DATA FOR REVIEW:

►

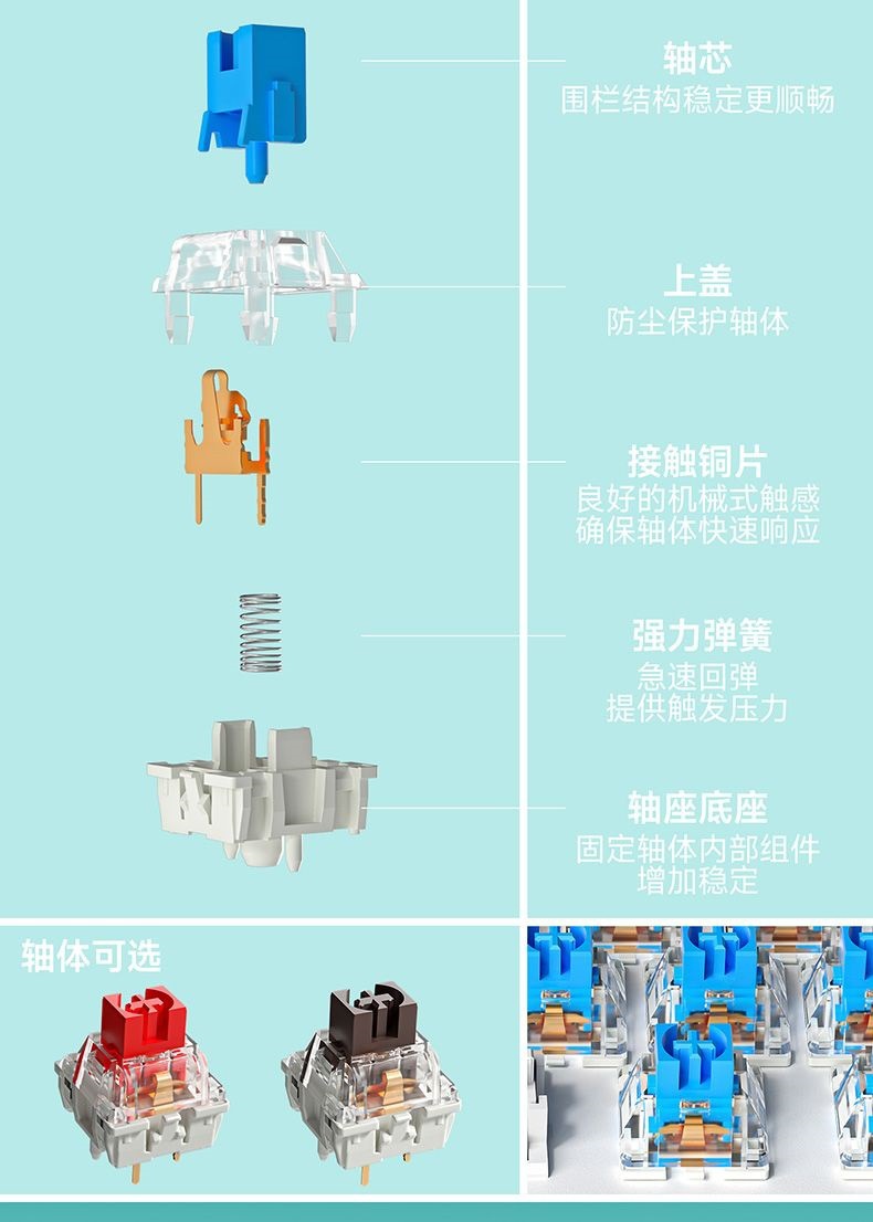 • 빨간색 축 - Luoxia Qiu Shui 핫 스왑 가능 + 손목 보호대.
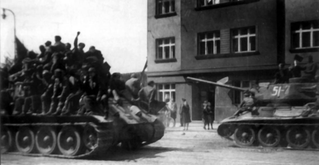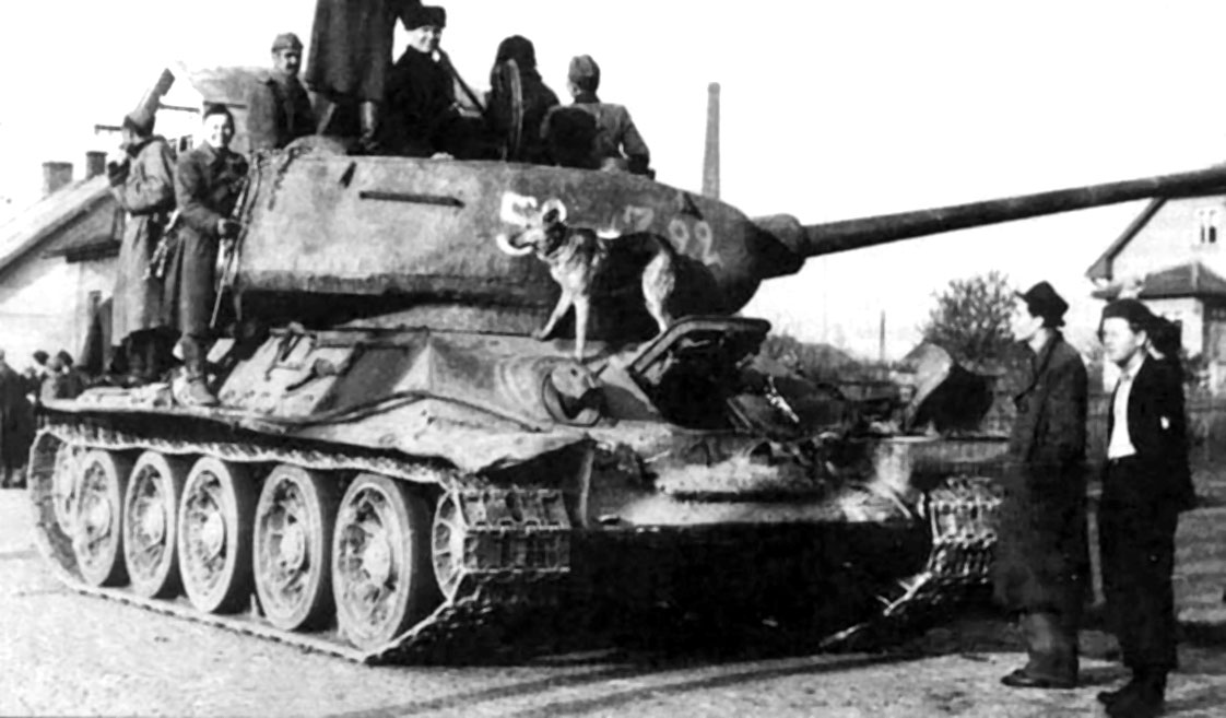 Т-34 5-го гвардейского танкового корпуса 6-й гвардейской танковой армии. Освобождение Йиглавы. 8 мая 1945 г., Чехословакия
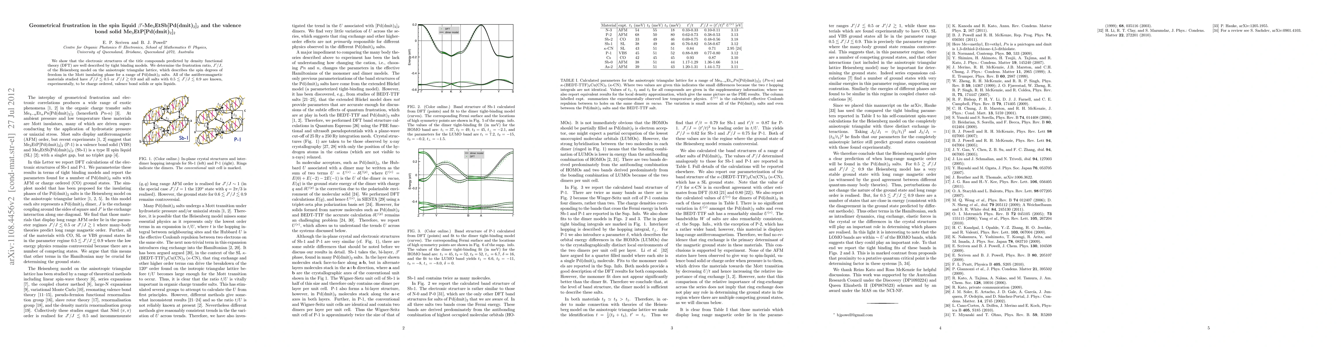 This paper investigates the electronic structures of two Pd(dmit)2 salts using density functional theory and tight binding models, finding that their spin degrees of freedom exhibit geometrical frustration. The study determines the frustration ratio J'/J, revealing that the materials conform to predictions for the Heisenberg model, with implications for understanding spin liquid and valence bond solid phases.
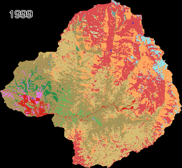 Animación que muestra la evolución de la cobertura vegetal en la comuna de Lo Barnechea según datos de MapBiomas Chile.
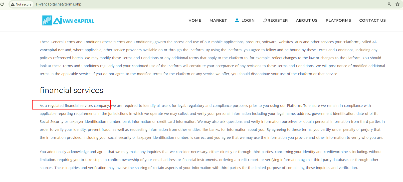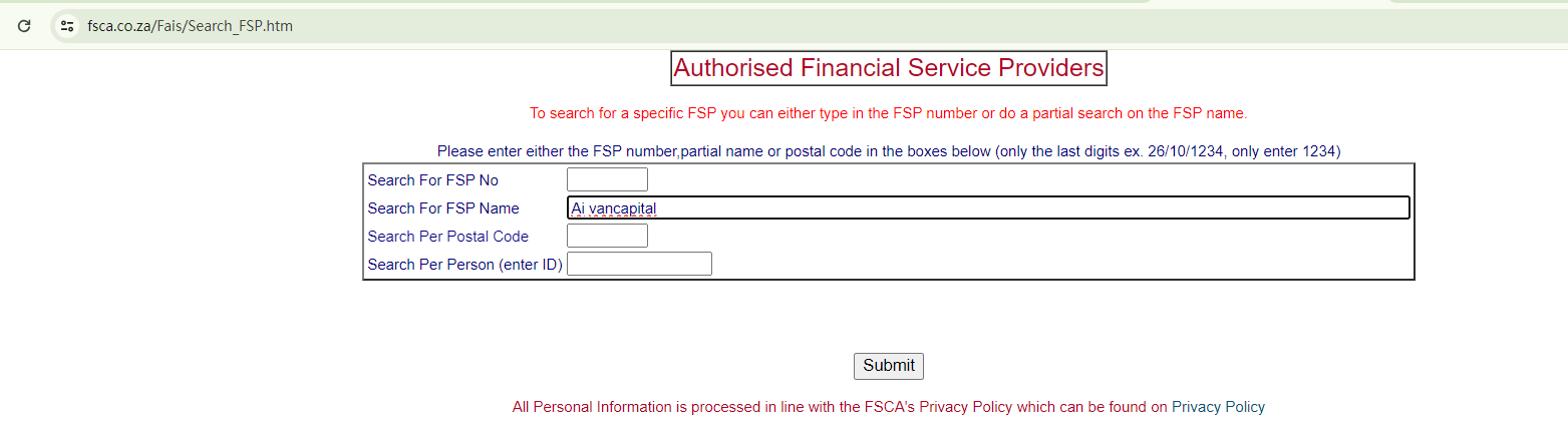 Ai Van Capital asserts that it is a regulated broker, yet it fails to provide specific details to back up such claims. It mentions the Financial Sector Conduct Authority (FSCA), prompting us to conduct a search on the FSCA register. However, our search yielded no matching records, which raises a red flag.
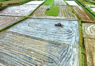 图为3月5日,邻水县一农业专业合作社的新型职业农民在翻耕托管的田地。
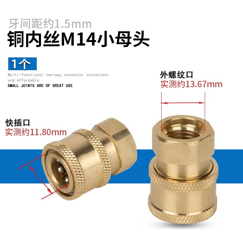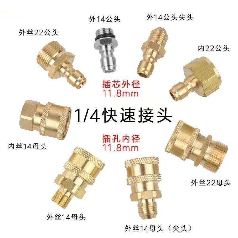 1/4高压水枪接头快速洗车机水枪进出水嘴清洗机转换接头铜快接M14
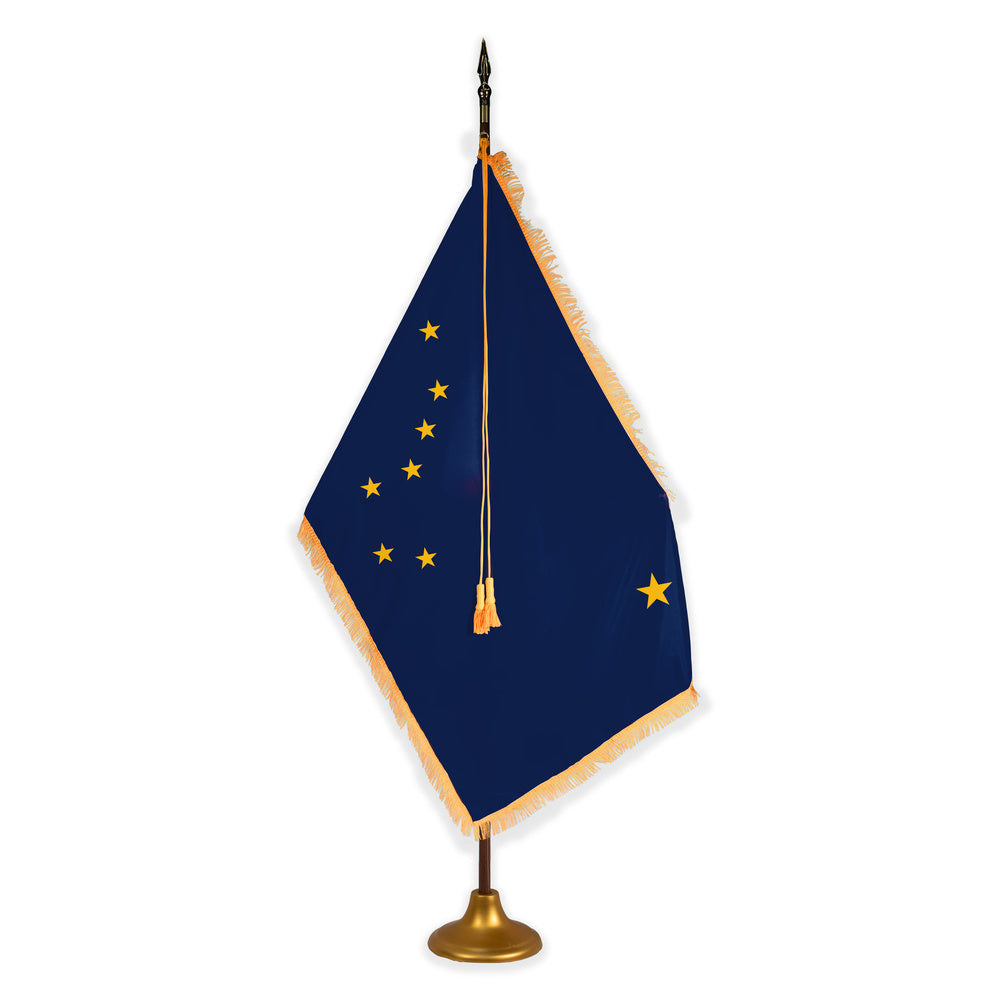 This Deluxe Alaska State Flag Set is a stunning representation of the Last Frontier, ideal for any indoor setting where you want to honor its history and heritage with dignity and pride.
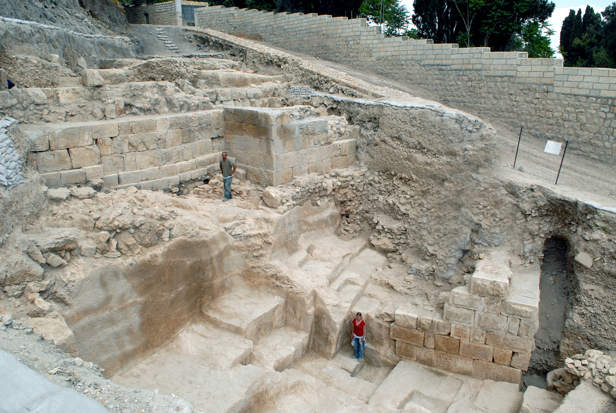 בתמונה: במאה ה-5 לספירה שיקמה המלכה הביזנטית אוודוקיה את חומת ירושלים. שרידי החומה התגלו במקומות אחדים, ובכללם על המורדות הדרומיים של הר ציון. הארכיאולוג ד"ר יוחנן זלינגר גילה את שרידי החומה בתוואי שבו התגלתה גם חומת העיר מימי הבית הראשון וחומת העיר מימי הבית השני.
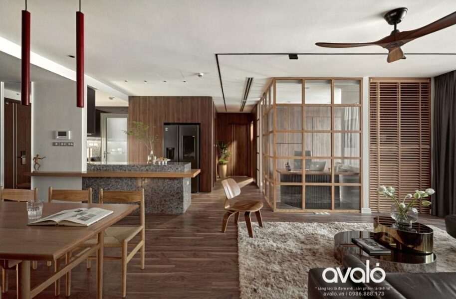 Vách gỗ tự nhiên và kính trong suốt ngăn cách giữa phòng khách với phòng đa năng.
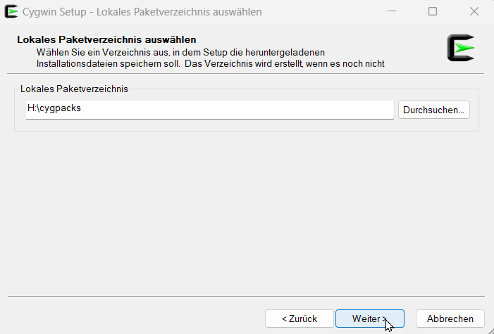 Die installierten Pakete werden im Paketverzeichnis separat gespeichert, siehe oben Hinweise unter Vorbereitung. Man trägt den vorbereiteten Pfad hier ein, danach Klick auf Weiter.

◄

YOUR TASK: Repeat word for word, leaving out the pictures, each line of the records from the line that holds "This Deluxe Alaska" through the final one.

ANSWER TO THE PROBLEM:
 This Deluxe Alaska State Flag Set is a stunning representation of the Last Frontier, ideal for any indoor setting where you want to honor its history and heritage with dignity and pride.
 בתמונה: במאה ה-5 לספירה שיקמה המלכה הביזנטית אוודוקיה את חומת ירושלים. שרידי החומה התגלו במקומות אחדים, ובכללם על המורדות הדרומיים של הר ציון. הארכיאולוג ד"ר יוחנן זלינגר גילה את שרידי החומה בתוואי שבו התגלתה גם חומת העיר מימי הבית הראשון וחומת העיר מימי הבית השני.
 Vách gỗ tự nhiên và kính trong suốt ngăn cách giữa phòng khách với phòng đa năng.
 Die installierten Pakete werden im Paketverzeichnis separat gespeichert, siehe oben Hinweise unter Vorbereitung. Man trägt den vorbereiteten Pfad hier ein, danach Klick auf Weiter.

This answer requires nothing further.